Palo Verdes are a tree that flowers.
We're in the desert so there really is very little natural water this time of year. They're just honey bees (not aggressive enough for killer bees). I don't want to kill them just deter them from the water troughs. The bees are all over them in the mornings and evenings. I'm sure there is a hive somewhere, but I can't find it (it is probably underground)
I worry about the horses getting enough water.
I thought maybe I could set something up and lure the bees to a different area.


----------



## toto (Mar 3, 2013)

Is it the big fat yellow and black bees? (the size of a quarter or nickel)


----------



## flytobecat (Mar 28, 2010)

They are mostly black. I don't know exactly that it's a honey bee, just assuming.
It isn't aggressive like killer bees. We've had those before & they won't let you get within 3 feet of them. 
They kind of look like this.


----------



## Joe4d (Sep 1, 2011)

follow the bees when they leave the water tank, then put another water tank closer to the hive. They need water to live so nothing else will really lure them away.


----------



## equestrianfriend (Jun 27, 2013)

get rid of flowers in the area so they can't feed on the nectar


----------



## Sharpie (May 24, 2009)

Hang a bucket of water near their hive if you can find it- they're just like everyone else, if they don't have to go as far they won't, and then they'll stick to the flowers and leave the horses' water buckets alone.


----------



## flytobecat (Mar 28, 2010)

Afraid the flower thing isn't possible. The bees are attracted to the trees and we need the shade too much to get rid of them.
I'll have to try the separate water thing if I can find the hive. Instead of a bird bath, I'll have a bee bath. LOL!


----------



## stevenson (Sep 12, 2011)

I would put a bucket as far from your horses and home as possible. I had a beekeeper tell me, once they find the water source they will continue at that source. i had a problem when the bee keepers would just dump hives out near me and when its 100 or more, that water is for my horses. 
when you find a bucket add some honey to attract the bees to the new water source, I would also, if possible relocate the water trough even if its 3 feet away.


----------



## BigGirlsRideWarmbloods (Mar 28, 2010)

This works for wasps and some types of bees but take a paperbag, inflate it and hang it from a gutter. 
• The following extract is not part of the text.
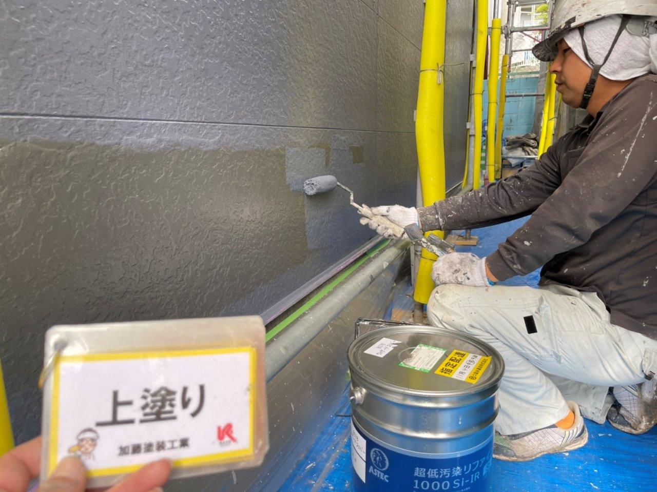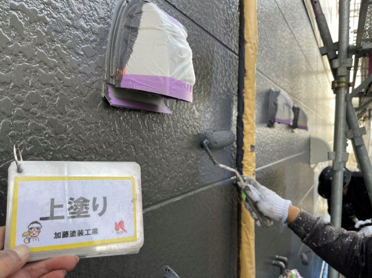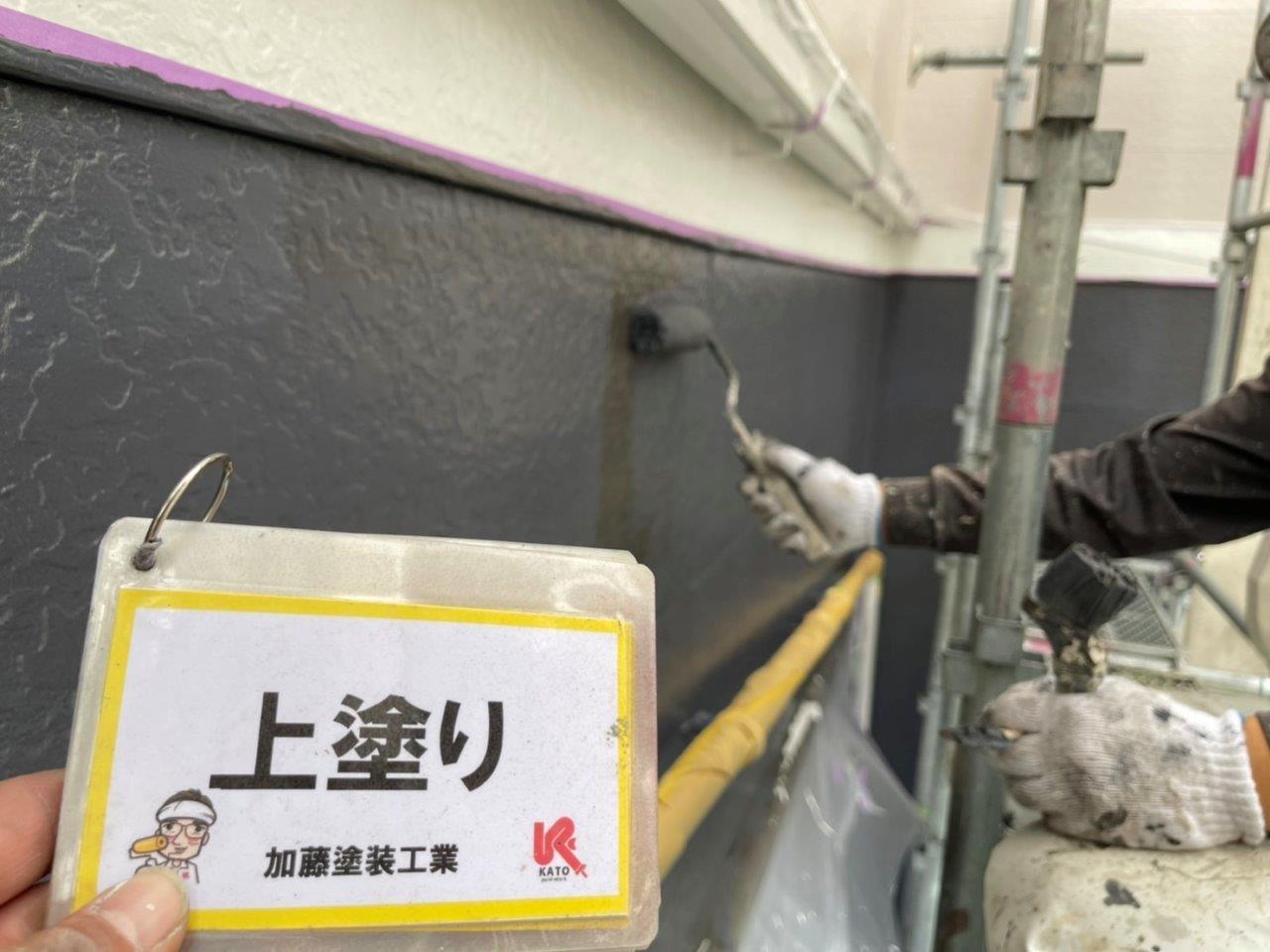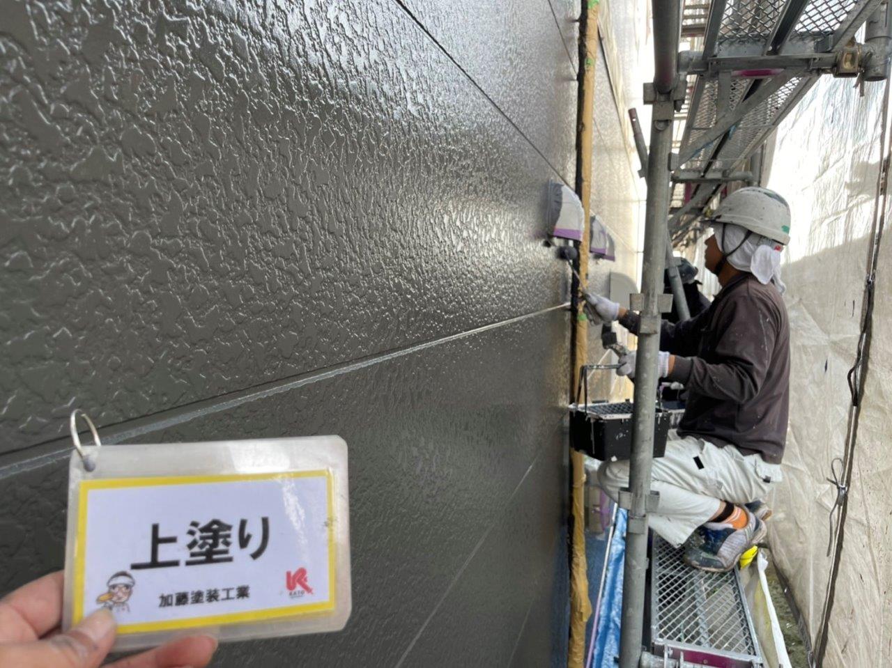 熊本市アパート外壁塗装 上塗り状況です。

Bees are territorial and won't make a hive within so far of another hive. The inflated paper bag looks like a hive to most bees so they'll move on and nest somewhere else.


----------



## equestrianfriend (Jun 27, 2013)

flytobecat said:


> Afraid the flower thing isn't possible. The bees are attracted to the trees and we need the shade too much to get rid of them.
> I'll have to try the separate water thing if I can find the hive. Instead of a bird bath, I'll have a bee bath. LOL!


hehe see how that works out. Maybe in his case you may need professional help in moving the hive, but why call someone if there's a way to figure it out yourself?


----------



## flytobecat (Mar 28, 2010)

Sorry, just catching up. It's pretty expensive to get a bee expert out and they can't do much unless you have a hive or a swarm. The bees aren't swarming and we never did find the hive. It may not even be located on our property.
We ended up moving the water source for a few days to a different location and that seemed to work so far -knock on wood
Thanks for the advice.


----------



## stevenson (Sep 12, 2011)

flytobecat.. Hope it stil is working. That is the only thing I found to work. Its pretty freaky to go out and find the water trough covered in bees . You could have a wild swarm around.


----------



## flytobecat (Mar 28, 2010)

It's still working so far. We had a couple hives when I was a kid. So I've seen bees when they swarm. These guys were just being opportunistic I think. After all we've got nice flowering trees and water close together, they probably thought it was a buffet.


----------